How long has this scene been bubbling under the surface for?
It’s been under the radar for a little while. In previous roles I’ve been in, I’d always had access to a level of data that the average person in the industry wouldn’t have due to the companies I’d worked at. And there was always this tiny little heartbeat happening in Dublin. I’d look at a rapper’s monthly listeners on a platform like Spotify or Apple and Dublin was always there or thereabouts.
If a particular genre of music is being listened to in a particular city, that will always inspire people in that city to make that sound. So, if a sub-genre of rock is huge in Newcastle, for example, you can be damn sure there are kids in their bedrooms making that sub-genre of music.
So, I had this theory that even though we weren’t seeing or hearing it, there must be something bubbling in Dublin. I then went on a fact-finding mission to Ireland over the course of about a year, and once I’d peeled back the curtain it was clear there was a mad, frenzied scene happening in Dublin and the wider Republic of Ireland that was bubbling but hadn’t been discovered.

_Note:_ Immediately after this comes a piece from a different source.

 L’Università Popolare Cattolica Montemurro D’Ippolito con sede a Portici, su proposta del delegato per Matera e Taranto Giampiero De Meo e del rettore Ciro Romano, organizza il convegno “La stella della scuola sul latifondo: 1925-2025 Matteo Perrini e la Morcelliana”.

It was a really exciting time. And a breakthrough moment was Rusangano Family winning the Choice Music Prize, which is Ireland’s version of the Mercury Prize. That was the first time a hip-hop group had won it and the first time a homegrown rap act had won a mainstream award in Ireland.
But just like any new industry or genre of music, there was a lack of organisation, infrastructure, and platforms. There wasn’t that group of certified managers that could take things and magnify them to the rest of the industry. So when I got to Atlantic one of the first things I wanted to do was investigate Ireland.

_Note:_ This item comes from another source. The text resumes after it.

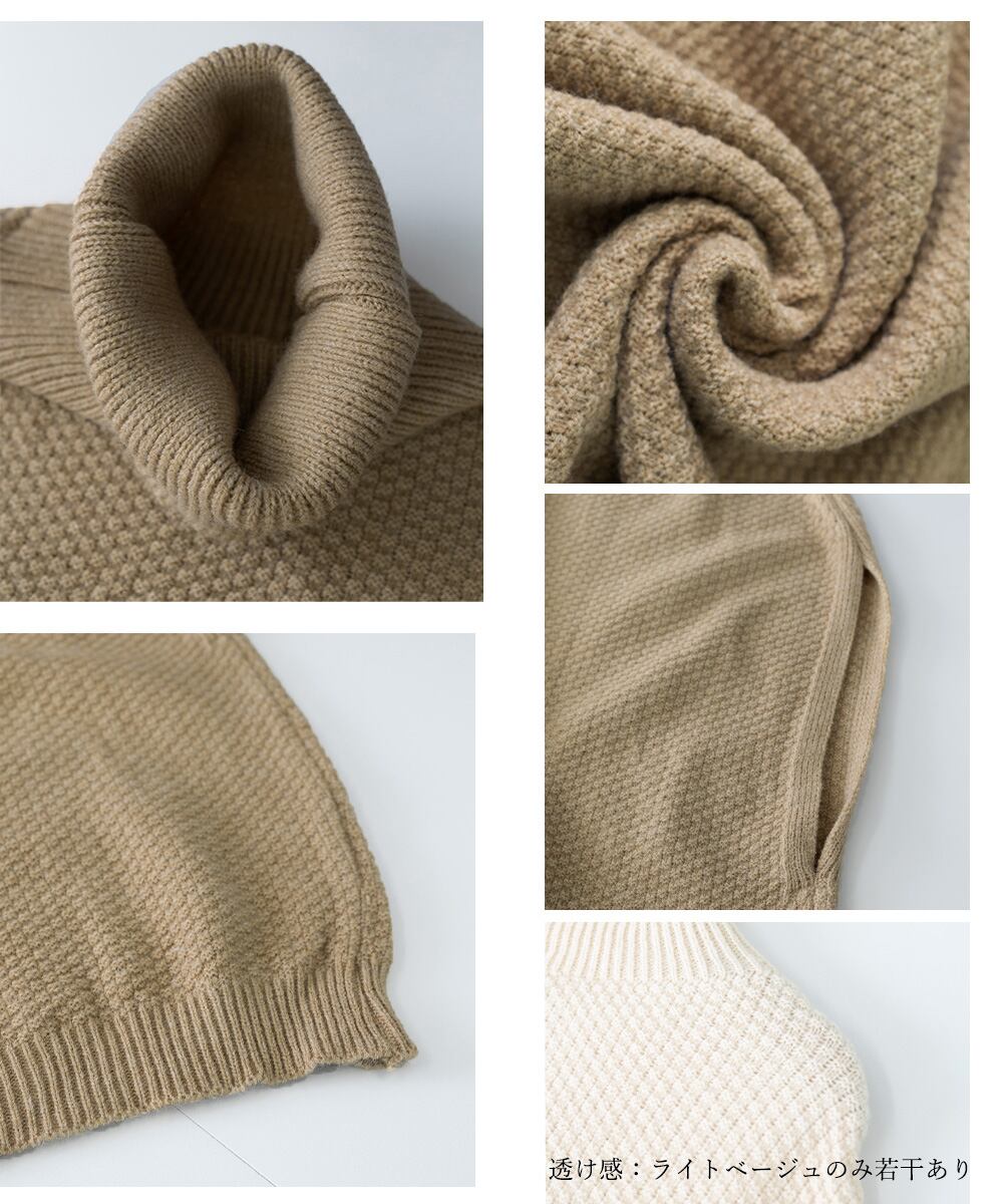 ニットトップス ノースリーブ 体型カバー ハイネックニット ゆったり レイヤード ニットジレ 重ね着ニットカットソー

How difficult has it been to sign and develop artists during the pandemic?
Nothing beats the meeting someone in the flesh and nothing beats the ability to see someone live. But we’ve been quite lucky that parts of the music industry have been able to carry on during the pandemic. We’ve been able to shoot music videos, go to studios at certain times, and that has allowed us to stay flexible in meeting artists and making judgment calls on who we want to sign.

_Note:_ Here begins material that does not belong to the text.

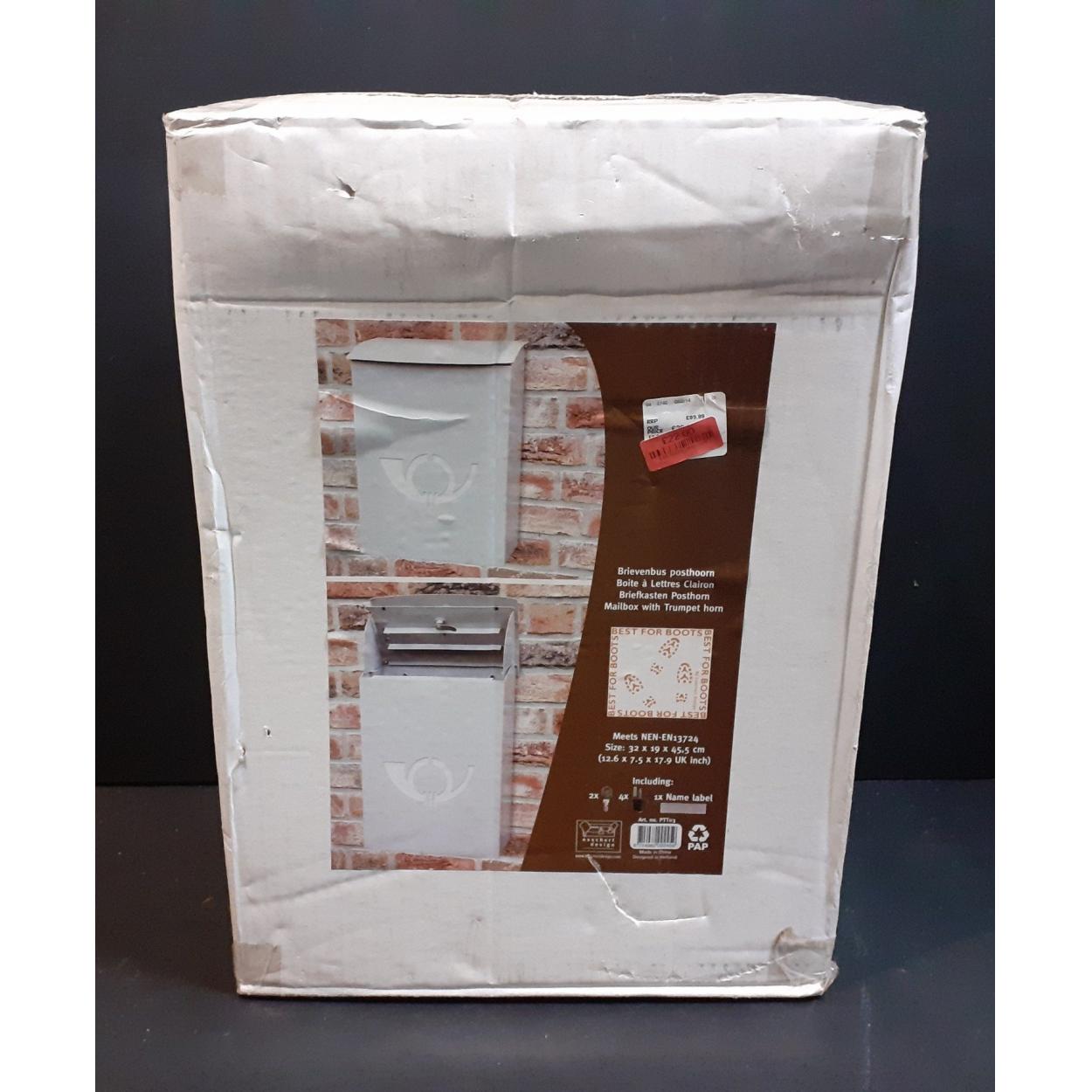 New in box. Posthorn wall mounted mailbox. 32 x 19 x 45cm approx.

The whole team has been working like mad to make sure there is a strategy in place to sign world class artists during the pandemic, and that’s been shown. We were able to sign Tion Wayne, who had one of the biggest black music moments - you could argue one of the biggest pop moments - of 2021.
We were able to sign Darkoo, a huge new talent, the number one selling afrobeats artist of last year. We’ve been able to get deals done with world class talent, so from a new signings point of view we’ve had to adapt, and the music industry has always adapted. Once those artists have been signed it’s about being innovative, being creative and looking for opportunities amongst the chaos.